In one assessment using data from the first two waves of the scho

In one assessment using data from the first two waves of the school-based National Longitudinal Study of Adolescent Health (Add Health), Easton et al. (2008) found that adolescents reporting sexual attractions to or relationships with both males and females, but not same-sex-only attractions/relationships, were inhibitor Regorafenib more likely than adolescents reporting only opposite-sex attractions/relationships to have smoked in the past month at the beginning of the study as well as to become smokers at follow-up 1 year later. In another study using three waves of Add Health data spanning 8 years, sexual-minority youths had higher frequency of cigarette smoking at the beginning of the study and faster increases in smoking frequency over time, compared with heterosexuals (Marshal et al., 2009).

Notable differences were observed by sexual-orientation subgroup. Mostly heterosexual and bisexual youths had higher smoking frequency initially, but similar increases in smoking frequency over time, when compared with heterosexual youths. Lesbian/gay youths were similar to heterosexual youths in their initial smoking frequency, but had a faster increase in smoking frequency over time. Similarly, findings from a longitudinal study of college students revealed that minority sexual orientation was associated with higher frequency of cigarette smoking at the beginning of the study (Talley et al., 2010). However, in contrast to Marshal and colleagues, heterosexual and sexual-minority participants had similar patterns of changes in smoking over time. This divergence may be attributable to study differences such as age (adolescence vs.

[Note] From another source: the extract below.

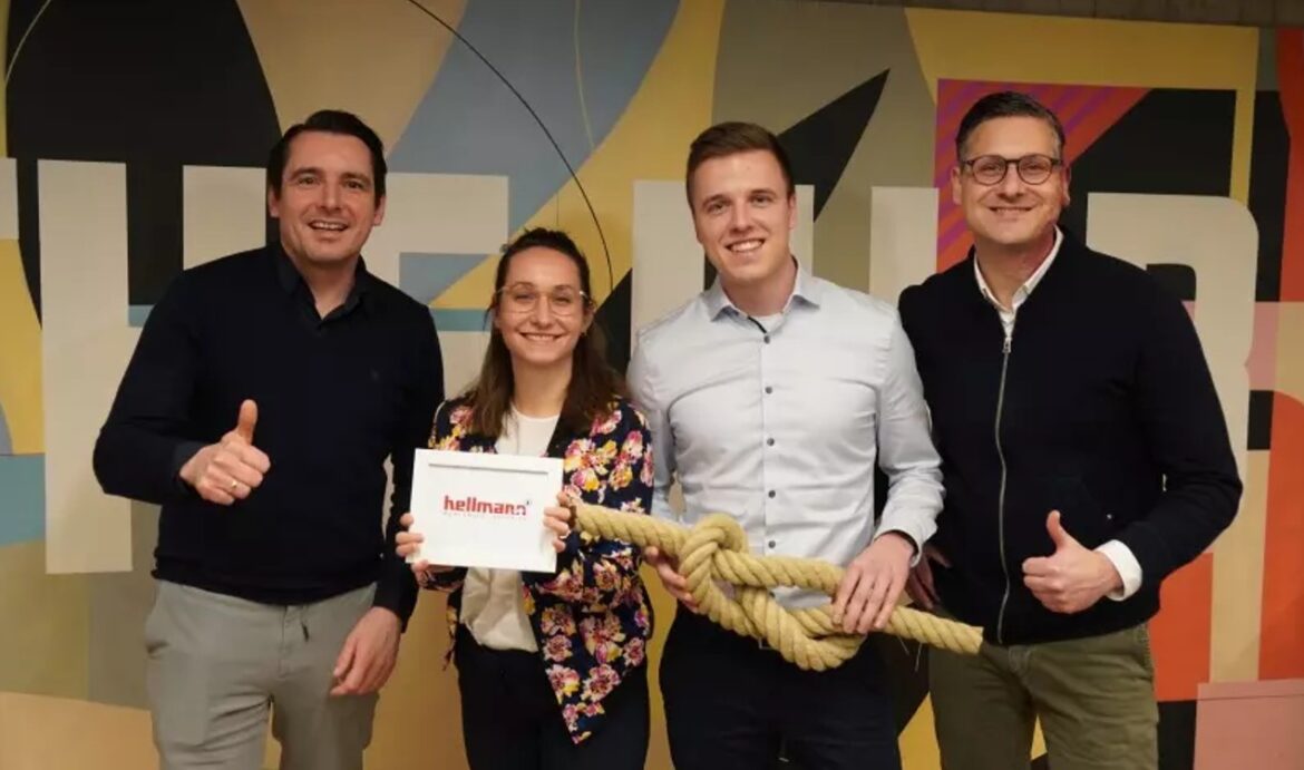 Foto: © Hellmann / Bildlegende: (v.l.n.r.): Stefan Borggreve (Hellmann), Emily Roberts (DHLH), Dominik Schindler (Hellmann), Erik Petruschke (DHLH)

emerging adulthood). Despite advances in the use of longitudinal designs, additional research is necessary to identify sexual-minority subgroups that are most at risk for smoking. Gender has been identified as a modifier of the relationship between sexual orientation and substance use, with sexual-minority females displaying great or similar substance use compared with sexual-minority males (Corliss, Rosario, Wypij, Fisher, & Austin, 2008; Corliss et al., 2010; Hahm, Wong, Huang, Ozonoff, & Lee, 2008; Marshal et al., 2008). In contrast, studies with general youth samples typically find that males are more likely to smoke than females (Nelson et al., 2008). Some evidence suggests that age may also be an important modifier, with sexual-orientation disparities greater during adolescence compared with emerging adulthood (Corliss et al., 2010). However, not all studies have found larger disparities during adolescence. A study of Asian Americans and Pacific Islanders found sexual-orientation disparities in substance use appeared during emerging adulthood, but not in adolescence Anacetrapib (Hahm et al., 2008).